Memory leak during network growing?

nashory / pggan-pytorch

:fire::fire: PyTorch implementation of "Progressive growing of GANs (PGGAN)" :fire::fire:

MIT License

819 stars 134 forks source link

Memory leak during network growing? #16

Open iwtw opened 6 years ago

iwtw commented 6 years ago

thanks for providing your code , it's much more readable than the original one.
i have observed severe memory leak in training .
During training , former allocated batch tensors of smaller network is never removed from gpu memory.

I notice that you use very small batch to solve this , but it makes the training painfully slow : ( .
have you found any better solution?

iwtw commented 6 years ago

I'm sorry , the memory issue is not caused by a memory leak but because the fixed batch size of z_test . Actually the z_test batch size is exactly the train batch size of initial resolution
so increasing the batch size of the initial resolution probably causes memory problem in incoming training for higher resolution. And it's easy to tackle.
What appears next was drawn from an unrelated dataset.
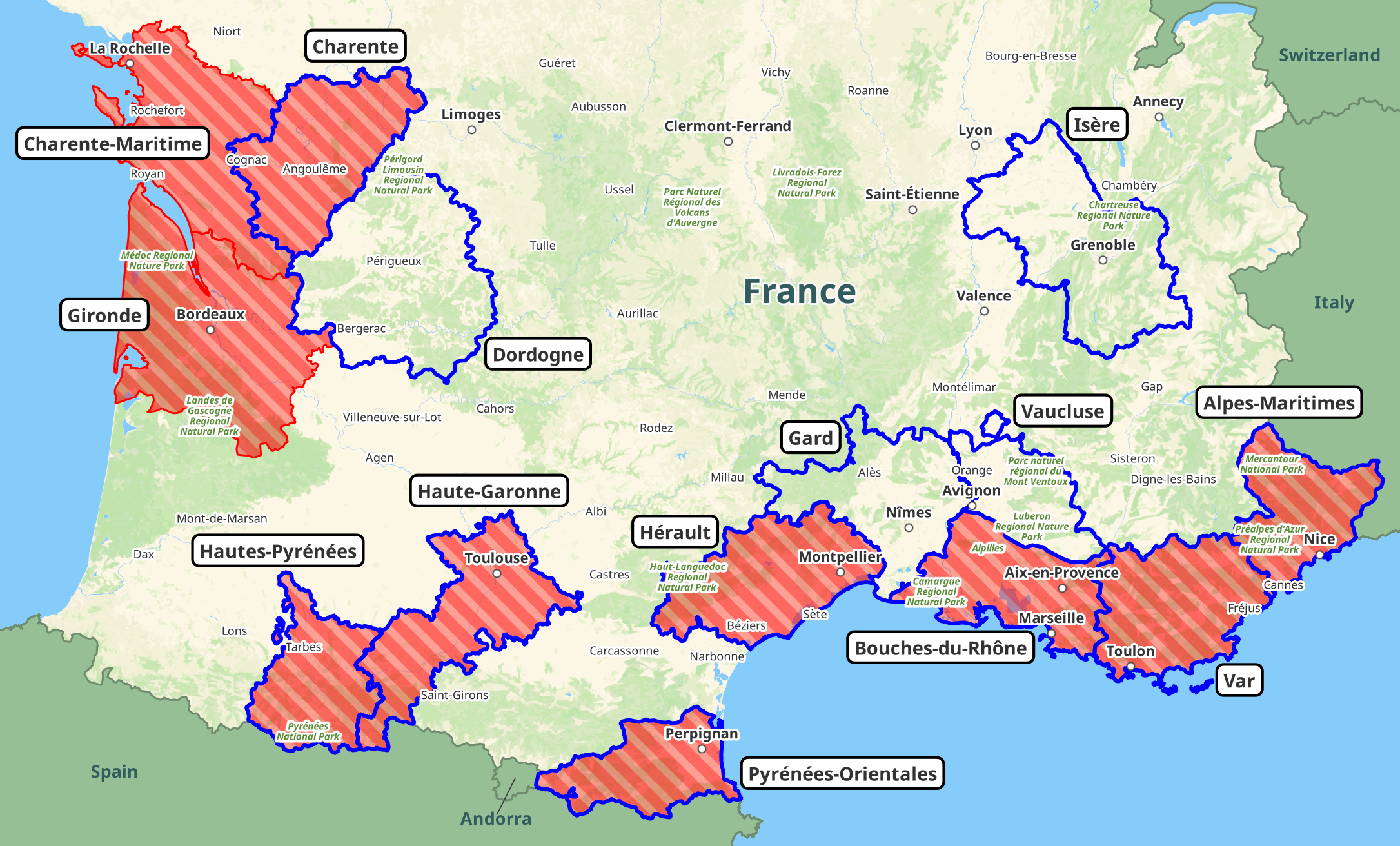 There is a tropical virus risk in the departments (regions) shown in the table below. These regions are outlined in blue on the map.

nashory commented 6 years ago

oh, I see maybe we need to change batchsize of z_test according to the resolution to avoid excessive use of memory for higher resolution. thanks for reporting that :) I found the data loader is the bottleneck which harms the entire training speed. do you have any idea about this?

iwtw commented 6 years ago

doing the preprocessing offline might give a little help ? you are doing preprocessing on CPU online , which is time consuming

coralreefman commented 6 years ago

Hey, I think I'm getting an 'out of memory' message for the same reason after 4 resolutions, even if I change the 4th resolution batchsize to 1. However I'm not sure how to change the batchsize of z_test without hardcoding it. Did you already come up with any solutions? Thanks!

mlandcv commented 6 years ago

same error. any solutions yet?

nashory commented 6 years ago

Hi, I found several issues occurs during yhe training, so I'm planning to perform refactoring the entire code soon. Thanks :-)